I've been an admirer of Comedy Central's Jon Stewart and Stephen Colbert for years now, and I find myself drawn to their shows in the same way a thirsty barnyard animal finds its way to the water well. Their quick and witty politicial and cultural commentary not only makes me laugh, it makes me feel better. "A joyful heart is good medicine," the Proverb says. And along with others, I sometimes wonder if comedians might just be the prophets of the 21st century, or at least its prophetic voice.
With midterm elections fast approaching, both Stewart and Colbert are at the top of their game; making fun of the candidates and the people who take them way too seriously. That would be us, by the way. And they're carrying their message outside their own television shows to other venues - faux rallies (or are they fake??), as well as various television appearances. While Stewart was on FOX News' Bill O'Reily Show last week, Colbert - in typical self-mocking fashion - wound up yesterday on ABC's The View.
Just to clarify, I don't typically watch The View. But, as so many of us in this social media-crazed world, I did catch a web clip. It's pretty funny stuff; Colbert exercising his typical schtick (including pretending to walk off the set, as two of the more liberal-minded hosts did a few days before when - no surprise - Bill O'Reily was their guest).
But things take an unexpected and amazing turn at about the 2:08 mark. Watch:
(if the video doesn't load, you can watch it here).

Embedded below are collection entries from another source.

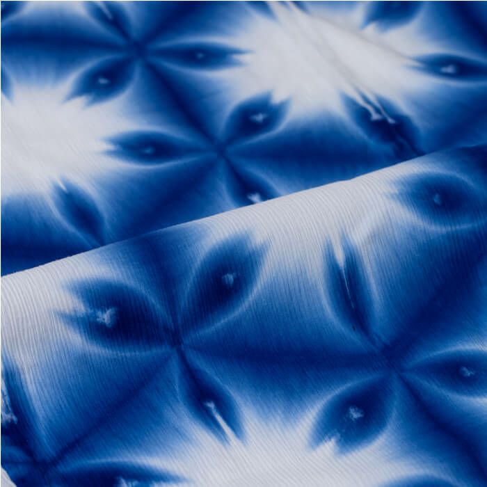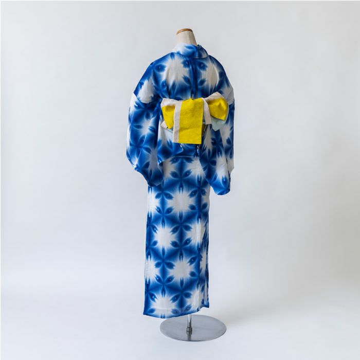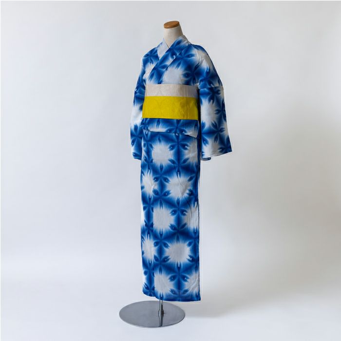 滲みによる色の濃淡が美しく、雪の結晶の様な柄で涼を誘う雪花絞りの浴衣です 紺色は普遍的な美しさです |
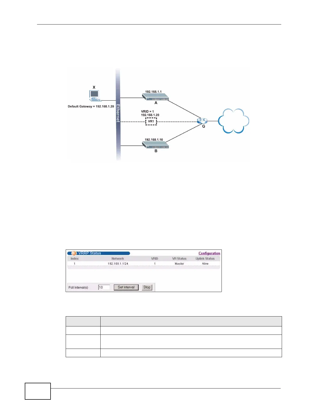 Click IP Application > VRRP in the navigation panel to display the VRRP Status
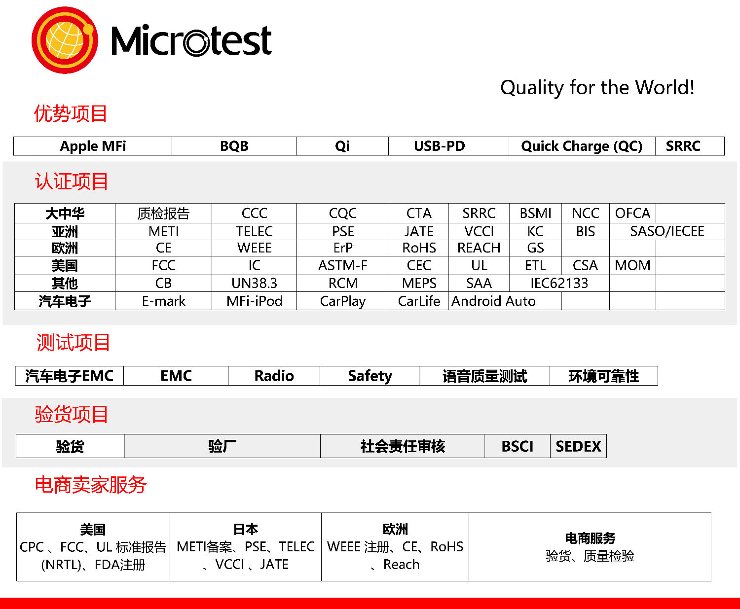 Microtest是國家CNAS、中國計(jì)量認(rèn)證CMA、美國實(shí)驗(yàn)室認(rèn)可協(xié)會(huì)A2LA、無線充電聯(lián)盟WPC、藍(lán)牙認(rèn)證評(píng)估委員會(huì)SIG、亞馬遜Amazon等國際機(jī)構(gòu)的認(rèn)可實(shí)驗(yàn)室。Microtest的使命:讓您的產(chǎn)品通全球!
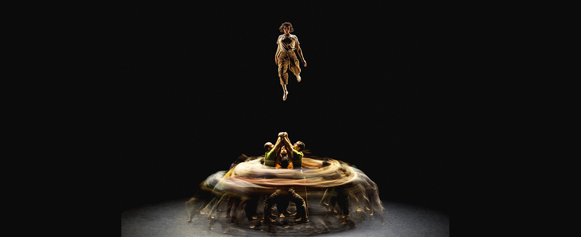 Après Möbius, qui rejouait la mystérieuse partition des étourneaux volant par centaines en un ballet réglé, le collectif questionne aujourd’hui notre rapport au vivant et à la mesure du temps. Portés et voltiges traduisent et mêlent ainsi deux temporalités : celle d’une nature dont le rythme nous dépasse ; celle d’une vie humaine et de ses émotions. Quel est le temps d’une montagne, d’une forêt, d’une rivière ? Comment le figurer et le représenter à la mesure d’une vie ? Le Pas du Monde forme, transforme et déforme les colonnes humaines des acrobates, qui peuvent passer imperceptiblement d’une posture à une autre, à l’image de l’érosion lente d’un sommet, comme se projeter dans des transformations soudaines, les pyramides de corps-cailloux chutant en éboulis. Un dispositif sophistiqué associe lumière, voix, sons et souffles pour dessiner des paysages oniriques.
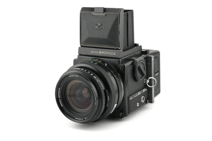 Manual focus modular SLR made by Zenza Bronica. It takes 6x4.5cm images on rolls of 120 or 220. The camera features flash sync at all speeds, double exposure, and mirror lock-up. The lenses have leaf shutters, but the speeds are controlled by the body. Plastic and metal body available in black.
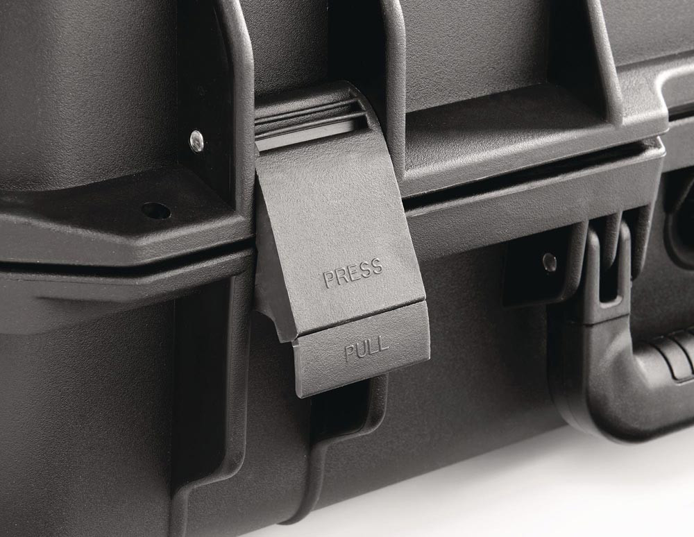 schwarz · luft- und wasserdicht · mit vorgerasteter Schaumeinlage zur leichten individuellen Gestaltung des Innenraums · Schlösser, Lufteinlassschraube, Tragegriff, shock-proof · aus schlagfestem Kunststoff · Verschlussmöglichkeit mit zwei Vorhangeschlössern · (Vorhangeschlösser gehören nicht zum Lieferumfang)

I had heard previously that Colbert is a devout Catholic and apparently still teaches Sunday school. I was not aware, though, that his father and two siblings had died in a plane crash. And when Barbara Walters asked Colbert how his mother raised the remaining nine kids, by herself, in light of such a horrible tragedy, this is what he said: She had a very strong faith. She taught us to still love life and not be bitter, and to realize that everbody suffers. If you can accept your suffering, you'll just understand other people better. And strangely enough, you have to be grateful for your pain.
Wow. Thoughts worthy of a seminary-level class on theodicy, and it's coming out of a comedian's mouth on The View.
Stumbling upon this clip couldn't have been more timely. Part of my job as pastor is to walk with people at painful times in their lives. And over the past few weeks it seems like I've been doing a lot of walking. I've walked with a young woman seeking companionship who once again finds herself in a relationship going nowhere. The man dealing with his father's recent death and the fact that he never quite felt like he lived up to his standards. The older gentlemen whose eyes still well with tears as he speaks of the death of his 11-year old son over 40 years ago. The homeless kids in our school system I recently learned about who literally have no home to go to once the final school bell rings. And - just yesterday - the four families who found their way to our church over the course of the day because their power had been turned off, or their car was out of gas and they had to get across the state to an ailing grandmother, or they and their two young children were one day away from being evicted and cast out on the streets.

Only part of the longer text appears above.